After two exceptionally grueling movies – Hunger and now Shame – it seems fair to wonder whether British director Steve McQueen isn’t trying to test the soul of actor Michael Fassbender.
In Hunger, McQueen cast Fassbender as Bobby Sands, the IRA rebel who in 1981 led a prison hunger strike that resulted in his death. The role, which seemed to blur the line between performance and ordeal, was nothing if not demanding.
In Shame, McQueen puts Fassbender through another wringer. Fassbender plays Brandon, a New York sex addict, whose behavior involves him in a soul-crushing ordeal.
OK, so McQueen isn’t really trying to destroy Fassbender, but he sure knows how to set an arduous physical and emotional pace -- and his actor responds in kind.
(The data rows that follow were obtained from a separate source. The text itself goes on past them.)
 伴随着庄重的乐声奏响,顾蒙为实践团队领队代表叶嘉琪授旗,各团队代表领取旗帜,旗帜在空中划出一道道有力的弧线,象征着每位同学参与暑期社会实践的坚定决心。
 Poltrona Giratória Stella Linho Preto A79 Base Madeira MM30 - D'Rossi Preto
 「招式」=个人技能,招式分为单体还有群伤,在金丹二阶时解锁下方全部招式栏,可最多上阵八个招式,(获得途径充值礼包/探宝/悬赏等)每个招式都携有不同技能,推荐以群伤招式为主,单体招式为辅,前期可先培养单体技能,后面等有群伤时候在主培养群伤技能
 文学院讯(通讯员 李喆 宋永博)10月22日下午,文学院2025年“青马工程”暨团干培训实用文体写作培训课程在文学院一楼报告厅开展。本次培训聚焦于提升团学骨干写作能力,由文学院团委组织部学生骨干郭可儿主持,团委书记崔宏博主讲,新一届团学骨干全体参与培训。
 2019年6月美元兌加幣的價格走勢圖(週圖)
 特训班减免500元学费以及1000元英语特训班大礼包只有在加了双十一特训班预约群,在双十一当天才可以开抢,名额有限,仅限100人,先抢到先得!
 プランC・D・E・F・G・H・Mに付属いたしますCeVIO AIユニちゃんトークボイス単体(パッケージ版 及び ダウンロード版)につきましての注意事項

Shame is a journey to the very bottom of Brandon’s parched soul, and Fassbender holds nothing in reserve.
Shame, which features nudity and explicit sex scenes, has been rated NC-17. But it’s not the nudity or the graphic sex (none of it erotic) that turns the movie into a brutalizing viewing experience; it’s the emotional violence to which Brandon subjects himself and others, as well as the maddening persistence of his compulsions.
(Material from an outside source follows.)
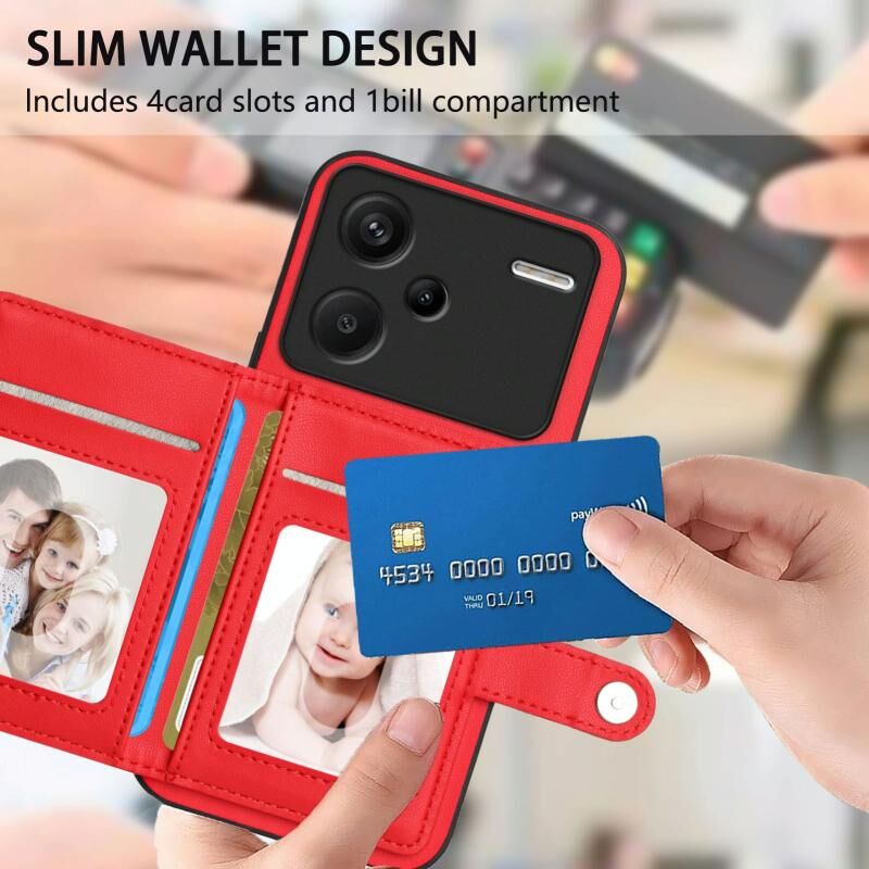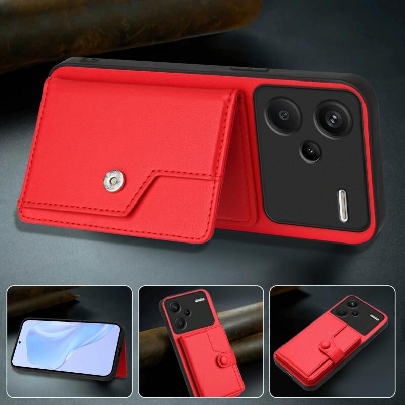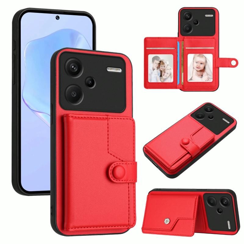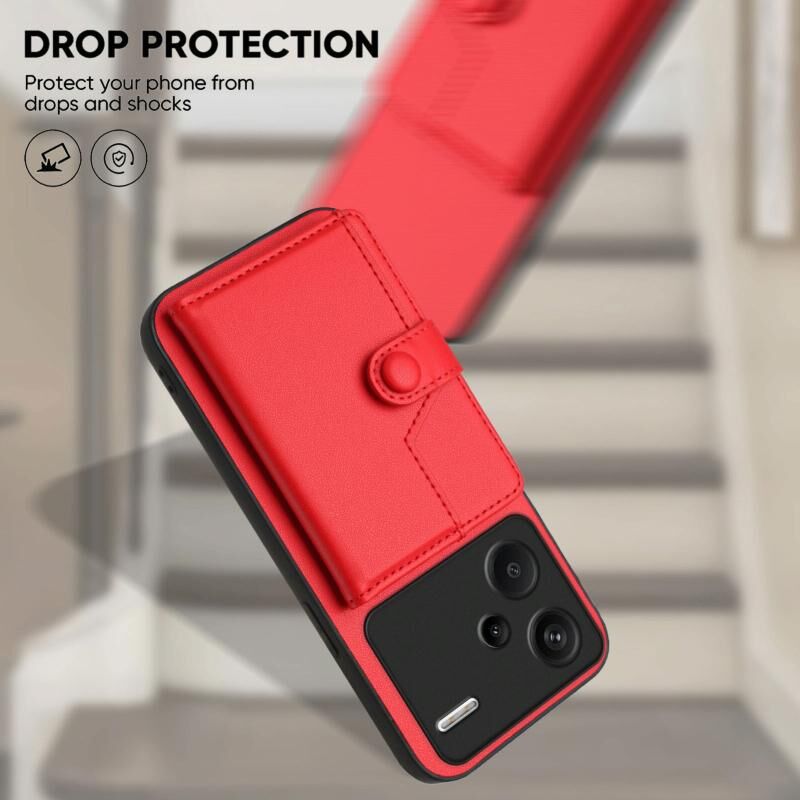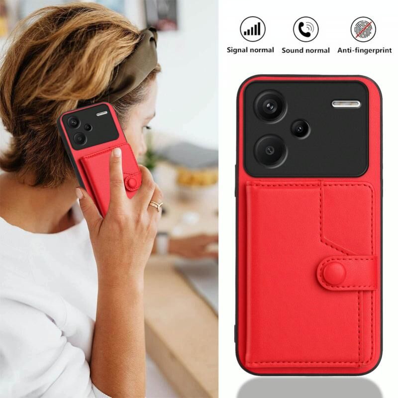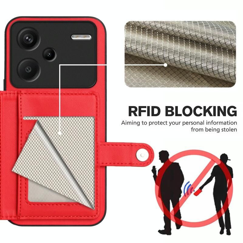 Για Redmi Σημείωση 13 Pro + κουμπί κάρτα τσάντα RFID Anti-theft τηλέφωνο υπόθεση (κόκκινο)

This is a guy for whom the office men’s room is a place to masturbate, a man so seized by his sexual urges that he follows women off subway cars, hires hookers and can’t stop watching porn on the Internet.
Brandon is handsome, but also has a kind of ghastly pallor, as if he’s only half alive. When he’s not in the throes of his addiction, he works at keeping his distance from others. When Brandon’s sister (Carey Mulligan) tries to move in with him, his protected world faces a major disruption. Mulligan’s Sissy is a singer whose personal life is in disarray.
At one point, Brandon and his boss visit a nightclub to hear Mulligan’s Sissy sing. She does an agonizingly drawn out version of New York, New York that moves Brandon to tears. It’s not a place he likes to be.
Later, Brandon finds himself attracted to a woman in his office (Nicole Beharie). He takes her to dinner. He loosens up a bit. But when it comes to making love to this woman, he can’t perform. For Brandon, relationships are the enemy of desire. He prefers anonymous sex.
McQueen’s directing style involves holding shots for an exceptionally long time, sometimes photographing conversations from a distance, and using wide-screen spacing to create tension between characters.
Now, you can’t watch a movie such as Shame without taking a walk on the seamy side. If you’re interested in seeing an actor plumb the depths of a powerful addiction, Shame will take you on one of the year’s most disturbing rides.
Whether you emerge from the experience having learned something from Brandon’s torments is another matter. Shame is powerful, but not necessarily profound. It tends to be obvious when it comes to Brandon’s addictive personality and not especially interested in how he might have gotten that way.
Oh well. Shame shows the prolonged agony of being chained to a compulsion. Its unremitting intensity and startling frankness make it stand apart, even if those same qualities do not carry it to greatness.